# Lazy Kates



## Pearl B (Sep 27, 2008)

Im going to get a Lazy Kate & am trying to decide which one. Im curious from those of you that use these, which do you think is the easiest to use. The arched or the straight one, or does it not make any difference? I would prefer the straight one.
Tia


----------



## Miz Mary (Feb 15, 2003)

WISH I had the curved ..it has tension !!! If I am plying 3 , sometimes they can get tangled when one wizz' faster than the others on the upright !!


----------



## Pearl B (Sep 27, 2008)

Thank you Miz Mary!
They both have a tension control.


----------



## hercsmama (Jan 15, 2004)

Mine is like the straight one, it has tension control as well. I've honestly never used the curved kind. But I do love the one I have.


----------



## PKBoo (Apr 10, 2008)

My dad made me one like this, and I love it:
http://www.nancysknitknacks.com/Lazy-Kate-New-1WR.jpg


----------



## Pearl B (Sep 27, 2008)

Thank you Hercsmama! Im thinking thats the one Im going to get.

PKBoo,
Thats a nice one :thumb: Your dad is a good craftsman!


----------



## Marchwind (May 10, 2002)

Mz Mary do you have the Ashford Lazy Kate? If so it is tensioned.


----------



## 7thswan (Nov 18, 2008)

I have both, but only use the curved one and use it untensioned. I like it because it is more compact near my feet where I put it when plying.


----------



## MullersLaneFarm (Jul 23, 2004)

I have both arc & upright but use my arc one more. The upright seems to topple on me.


----------



## Pearl B (Sep 27, 2008)

Thank you Everyone!!

Im going to go with the arched. I can see how toppling could get to be a problem with the vertical one. Thats why I started this thread, to find out the up & down side of each.
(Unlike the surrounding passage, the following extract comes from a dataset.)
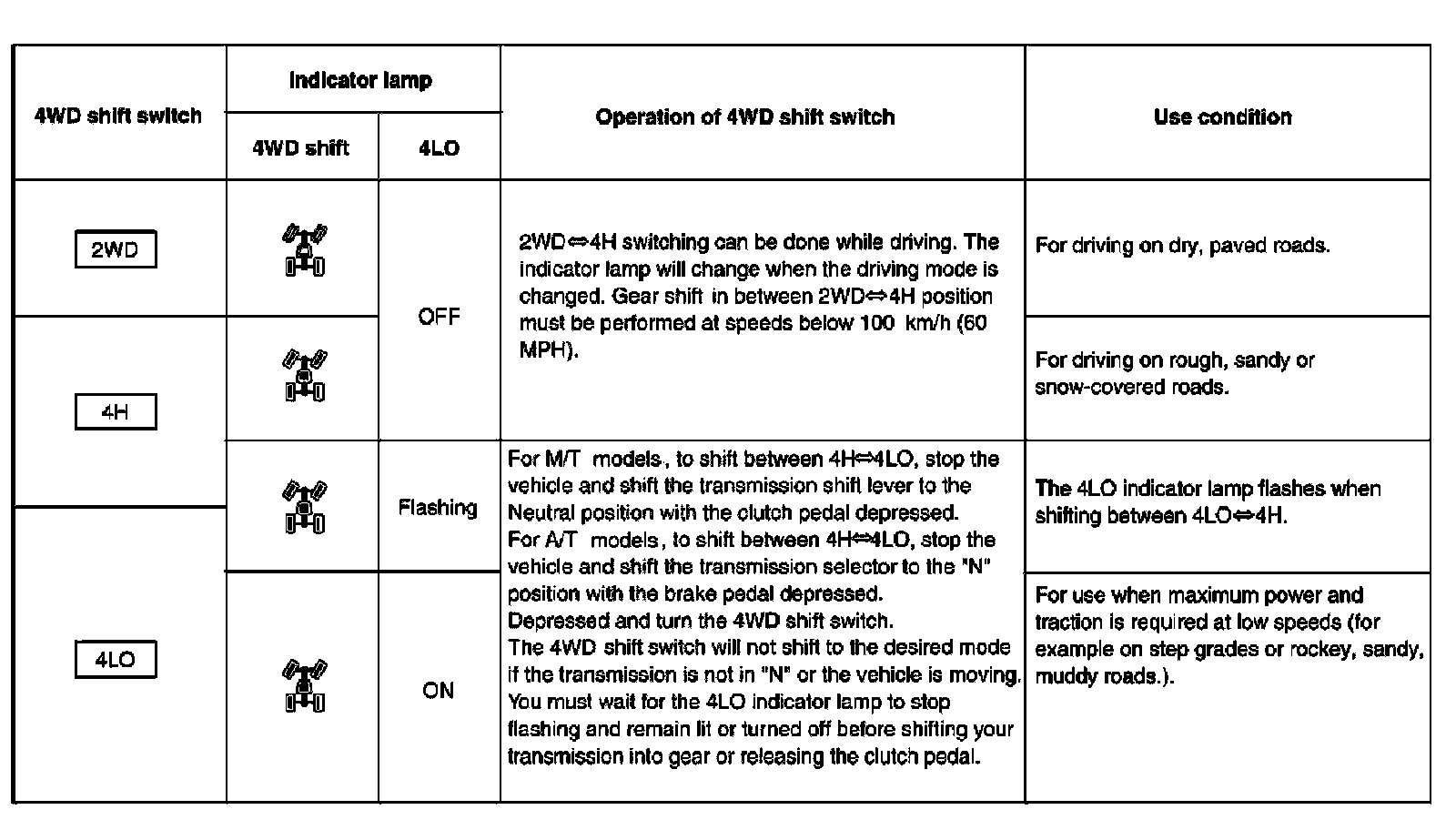 ^ Displays driving conditions selected by the 4WD shift switch while engine is running. When the 4WD warning lamp is turned on, all 4WD shift indicator lamps will turn off.

Wihh-Your husband is a good craftsman too. :thumb:

I think I know what you meant about the wheels :happy2:. I was doing something like that the other night with my 2 wheels. It was just a bit clumsy to me in the sense I was surrounded by wheels :hysterical:and it was kinda hard to get around them in my little space.

I just got a great idea though. I could drill a couple of holes in my Bumble Bee & turn it into a lazy kate. Like on the HH. I swear this will be my next wheel.









Hmm, maybe I dont need a LK ound:


----------



## Pearl B (Sep 27, 2008)

Thank you, thats a good idea about the no skid padding!
Thats a nice LK. I didnt know there were so many variations of lazy Kates out there. Im glad there is. I love that about knitting/spinning. So many neat little gadgets. :hysterical:

The more I think about it, the arched one is the one to get for now.


----------